Friday’s theme was entitled, “Partnership in Training the Automotive’s Industry’s Work Force of Tomorrow,” which the successful program has accomplished throughout its history.
“The success has come from the support of the community, from the administration at the school and all the local partnerships,” said Auto Technology Instructor Travis Nicholas. “And the community helps us so much with our projects. Whatever we need they usually give it to us.”
The Automotive Youth Education System program was designed to lead young adults into the retail automotive service centers. The program focuses on placing students at an early age into dealer establishments so that the businesses and professionals can pass on their knowledge and visions to the next generation.
“We do more than just teach students. There’s so much involved for them to go into the industry,” said Nicholas.

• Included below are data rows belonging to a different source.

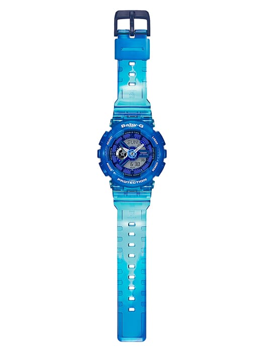 Противоударные японские женские часы Casio Baby-G BA-110JM-2A, кварцевый механизм с высокой точностью. Класс водозащиты: 100 метров, позволит плавать, нырять и заниматься другими водными видами спорта. Корпус часов изготовлен из пластика, прозрачного цвета.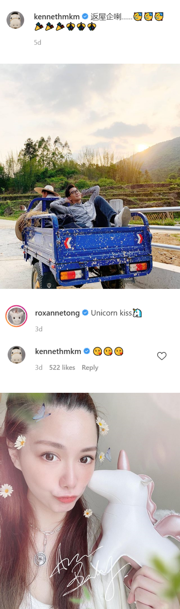 打从马国明透露完成了《白色强人2》拍摄,准备回港的消息后,圈内好友、网友都留言恭喜,他终于可以和女友汤洛雯重聚了。汤洛雯也在Instagram上贴出一张被独角兽公仔亲脸的照片,马国明贴了三个亲嘴的emoji回应高调放闪。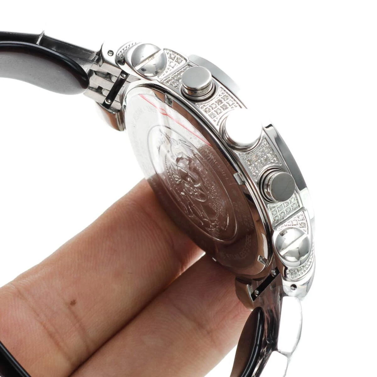 This 3.50-carat JOJO diamond bezel Joe Rodeo watch showcases a round polished stainless steel case, scratch-free crystal glass, individually numbered and engraved stainless steel case-back. Fine Swiss-made quartz movement with chronograph function, center second and date. Water-resistant to 100 meters. Comes with two interchangeable straps in different colors. The patented strap adjusts once for a perfect fit, and comes on and off with the press of a button.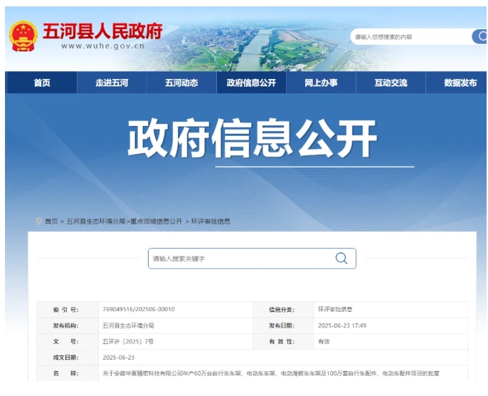你公司報送的《安徽華夏精密科技有限公司年產(chǎn)60萬臺自行車車架、電動車車架、電動滑板車車架及100萬套自行車配件、電動車配件項目環(huán)境影響報告表》(以下簡稱《報告表》,項目代碼2405-340322-04-05-115345)收悉。經(jīng)認(rèn)真研究,現(xiàn)批復(fù)如下:

Taking special recognition over the course of the banquet were several auto dealers, employers and teachers which have been instrumental to the program, including Jim Troutwine of Troutwine Auto Sales, Rob Weidner of Greenville City Schools Transportation, Nick Combs of Hittle Buick GMC, Ron Fair of Schultz Motors, Kris Tegtmeyer of O’Reilly Auto Parts and Scott Rowland of Rowland Trucking.
Also recognized during the ceremony was last year’s second place state-winning team of Alison Richardson, Rachael Mann, and Joey Wappelhorst.
Concluding the banquet were Rachael Mann, Kelsey McClure, and Joey Wappelhorst presenting this year’s Auto Tech program’s project for the first time in public.
The presentation centered on a vehicle’s power train, which is the mechanism that transmits the drive from the engine of a vehicle to its axle.
Although the display was worth several hundreds of dollars, the cost to the program only totaled about $50 due to community and industry support.
“That’s indicative of the support that you have of the school administration, board of education, to our guidance counselors, to our teachers, to the local businesses and industry,” said Peltz.
The group will compete at Sinclair Community College on April 11 for an automotive showcase, and on April 15 they’ll compete in Columbus at the state level.
If the group comes in first at the state championship they proceed onto nationals, which are held in Kansas City in July.